Created attachment 241638 [details] Fixes needless logical complexity
Comment on attachment 241638 [details] Fixes needless logical complexity Hold up. I broke something.
Created attachment 241640 [details] Fixes logical error
Comment on attachment 241640 [details] Fixes logical error View in context: https://bugs.webkit.org/attachment.cgi?id=241640&action=review Something is wrong with this patch, I suspect that it applies in an unexpected way: ++_lots_of_failing_tests = map(lambda num: "test-%s.html" % num, range(0, 100)) ++ ++ > Tools/Scripts/webkitpy/tool/bot/patchanalysistask.py:225 > + if second_results.did_exceed_test_failure_limit() and first_results.did_exceed_test_failure_limit(): I'd put first_results first, and second_results second. > Tools/Scripts/webkitpy/tool/bot/patchanalysistask.py:236 > + if second_results.did_exceed_test_failure_limit() and not first_results.did_exceed_test_failure_limit(): Why do you need this "and"? The case where they both exceeded the limit was already handled. > Tools/Scripts/webkitpy/tool/bot/patchanalysistask.py:240 > + if first_results.did_exceed_test_failure_limit() and not second_results.did_exceed_test_failure_limit(): Ditto.

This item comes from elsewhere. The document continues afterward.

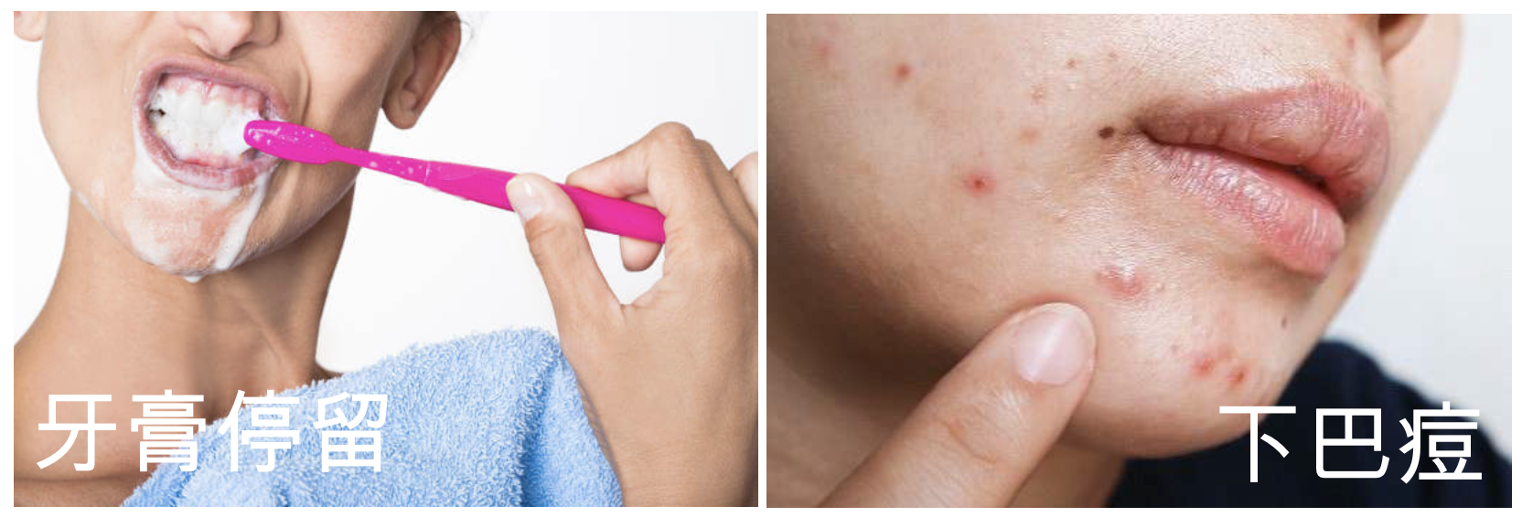 因為氟屬於鹵素,而鹵素會造成痘痘的生長,而刷牙時難免會讓牙膏接觸或停留在肌膚,尤其是下巴。

(In reply to comment #9) > Comment on attachment 241640 [details] > Fixes logical error > > View in context: > https://bugs.webkit.org/attachment.cgi?id=241640&action=review > > Something is wrong with this patch, I suspect that it applies in an > unexpected way: This looks fine to me. _lots_of_failing_tests was added as a convenience variable to make it more concise to add test cases for which the failure has been exceeded. > > ++_lots_of_failing_tests = map(lambda num: "test-%s.html" % num, range(0, > 100)) > ++ > ++ > > > Tools/Scripts/webkitpy/tool/bot/patchanalysistask.py:225 > > + if second_results.did_exceed_test_failure_limit() and first_results.did_exceed_test_failure_limit(): > > I'd put first_results first, and second_results second. > > > Tools/Scripts/webkitpy/tool/bot/patchanalysistask.py:236 > > + if second_results.did_exceed_test_failure_limit() and not first_results.did_exceed_test_failure_limit(): > > Why do you need this "and"? The case where they both exceeded the limit was > already handled. Touche > > > Tools/Scripts/webkitpy/tool/bot/patchanalysistask.py:240 > > + if first_results.did_exceed_test_failure_limit() and not second_results.did_exceed_test_failure_limit(): > > Ditto.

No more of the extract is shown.